ARTICLE AD BOX
Swiss watchmaker Swatch has reportedly issued a formal apology and swiftly removed advertisements for its
Swatch Essentials collection
after the campaign was widely condemned in China for featuring a male model making a "slanted eye" pose. The gesture, which involves pulling the corners of the eyes up and backwards, is seen by many as a racist taunt targeting people of Asian descent. According to a report by Reuters, the images, which sparked significant outrage online, led to a drop in the company's shares. On Monday, August 18, Swatch's stock fell as much as 4% before recovering slightly to a 3.1% loss."It is very significant for a brand of that scale to misfire in this way," said Mark Borkowski, a London-based public relations consultant, as reported by Reuters. "This carelessness is really quite a fundamental mistake." The incident has raised questions about the brand's approval process, considering that Swatch is a well-known brand in the Chinese market.
What Swatch said in its apology
In an apology posted in both Chinese and English on its Weibo and Instagram accounts, Swatch stated it had "taken note of the recent concerns" and had "removed all related materials worldwide." The company added, "We sincerely apologize for any distress or misunderstanding this may have caused."
While the backlash on social media was intense, Chinese fashion influencer Peter Xu, who has over seven million followers on Weibo, believes the quick apology will likely mitigate long-term damage to the brand. "It was pretty stupid to release images like those ones," he commented, but suggested the fallout would likely be short-lived.

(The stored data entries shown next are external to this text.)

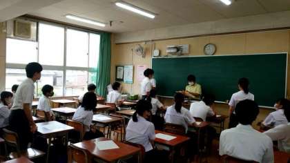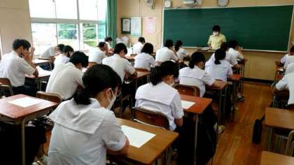 3年生英語の授業で昨日実施した実力テストが返ってきました。先生から1人ずつ解答用紙が手渡されます。チラッと点数を見て「ヤバい」との声が。再来週の期末テストで挽回しましょう。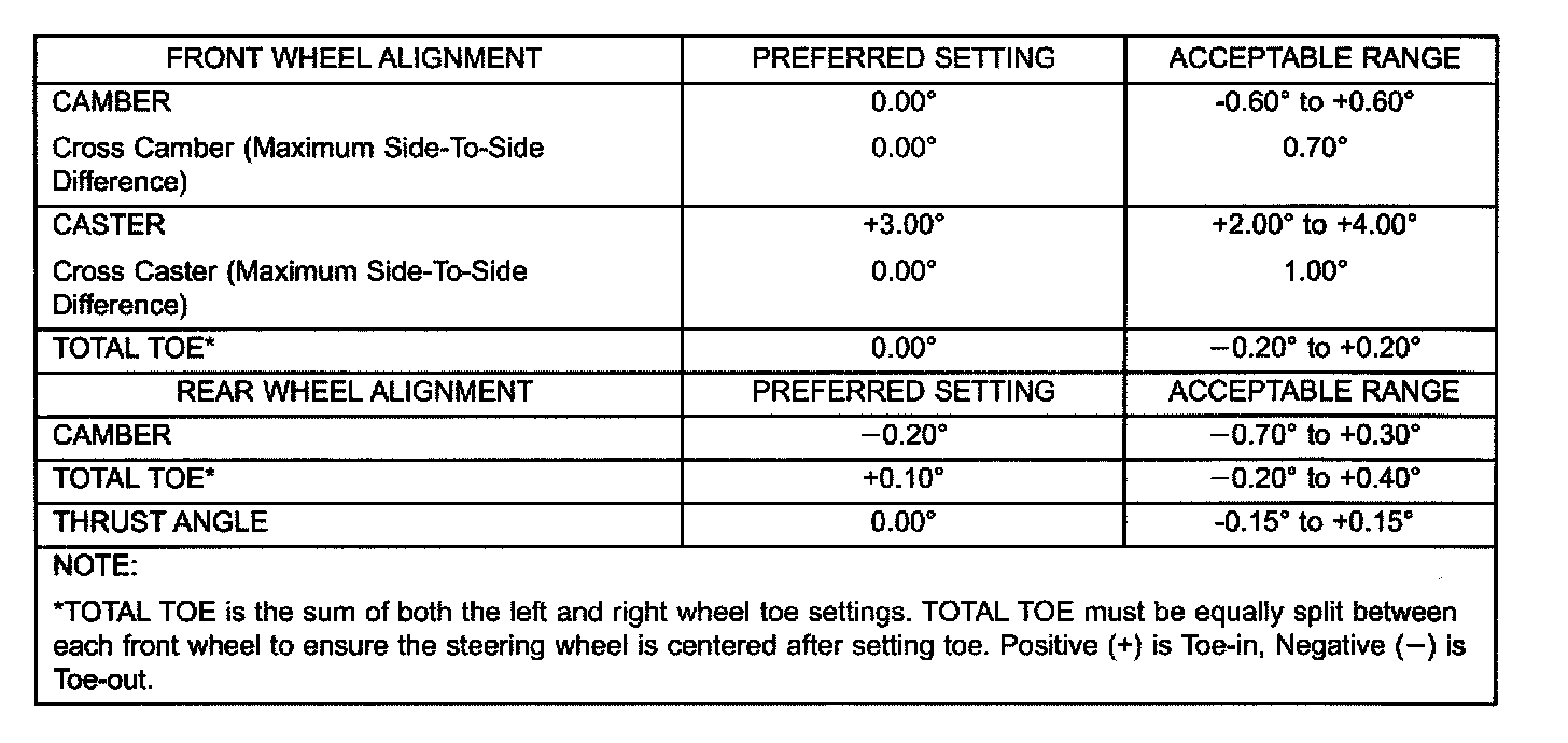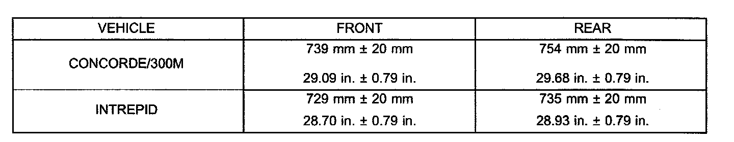 NOTE: All wheel alignments are to be set with the vehicle at curb height. Refer to CURB HEIGHT MEASUREMENT.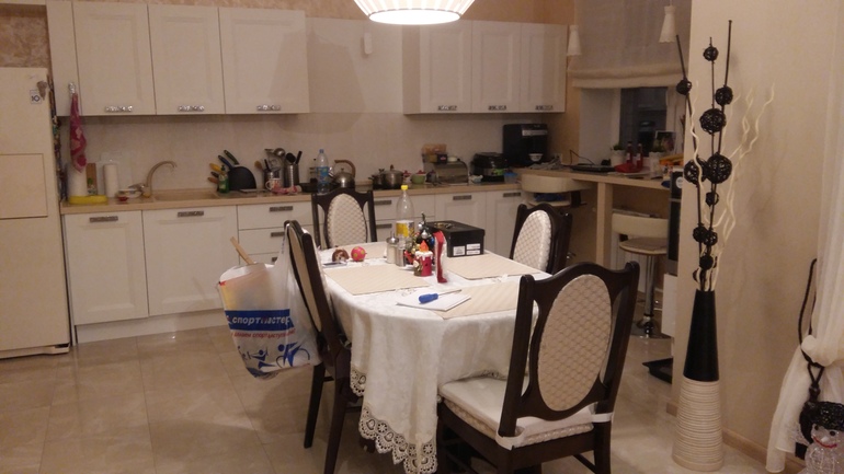 она там стояла))потом елку ставили и вазу убрали. мужу она около стола больно нравится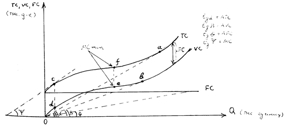 Их можно определить как D ТС /D Q. [9] На рис. 4.2 они представлены как tg y (тангенс угла, образуемого касательной к кривой ТС в точке с, и осью абсцисс). Заметим, что относительно точек на кривых ТС и VC на одной и той же вертикали предельные издержки равны между собой. Так, мы могли бы провести касательную к точке d на кривой VC, и тангенс ее угла с осью абсцисс был бы равен tg y.[10] Нельзя не обратить внимания и на точку перегиба (е) на кривой VC. В ней МС достигают минимума. То же справедливо и для точки f на кривой ТС.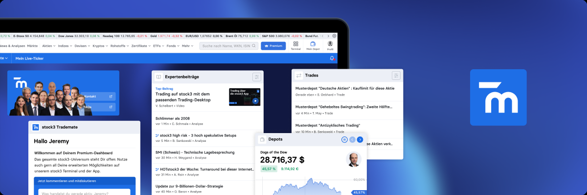 stock3 Trademate richtet sich an alle, die neben hilfreichen Tipps zur Analyse von Aktienkursen auch den Austausch mit unseren erfahrenen Experten suchen und sich über konkrete Handelsideen freuen.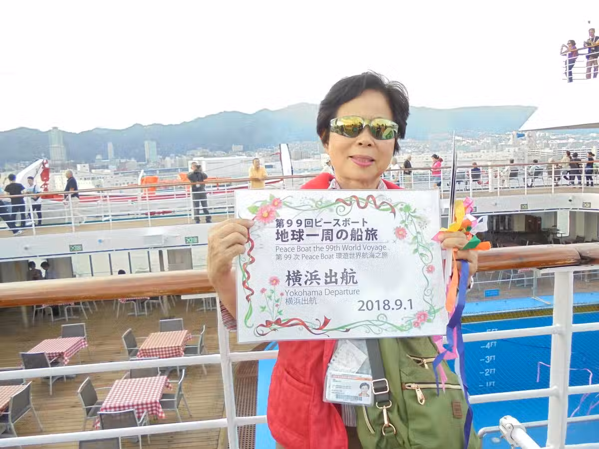 ▲2018年9月1日,林瓊姿從日本橫濱港搭乘「和平號」出發。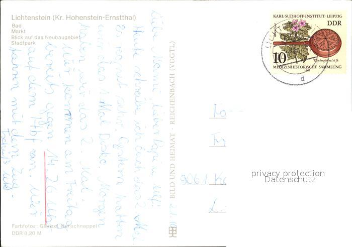 72418307 alte Postkarte Lichtenstein Hohenstein-Ernstthal Bad Markt Neubaugebiet Stadtpark postalisch gelaufen Erhaltung siehe scans KatCode: 11110014173100

Ad controversy adds to Swatch's China troubles
This controversy is the latest challenge for Swatch, which also owns popular brands like Omega, Longines, and Tissot. The company's shares have plummeted by more than half since early 2023, and it is also facing a 39% tariff on its exports to the United States.China, along with Hong Kong and Macau, accounted for approximately 27% of Swatch's group sales last year. The company's overall revenue in 2024 fell 14.6% to 6.74 billion Swiss francs ($8.4 billion), a decline the company attributed to "difficult market conditions and weak demand for consumer goods overall" in China.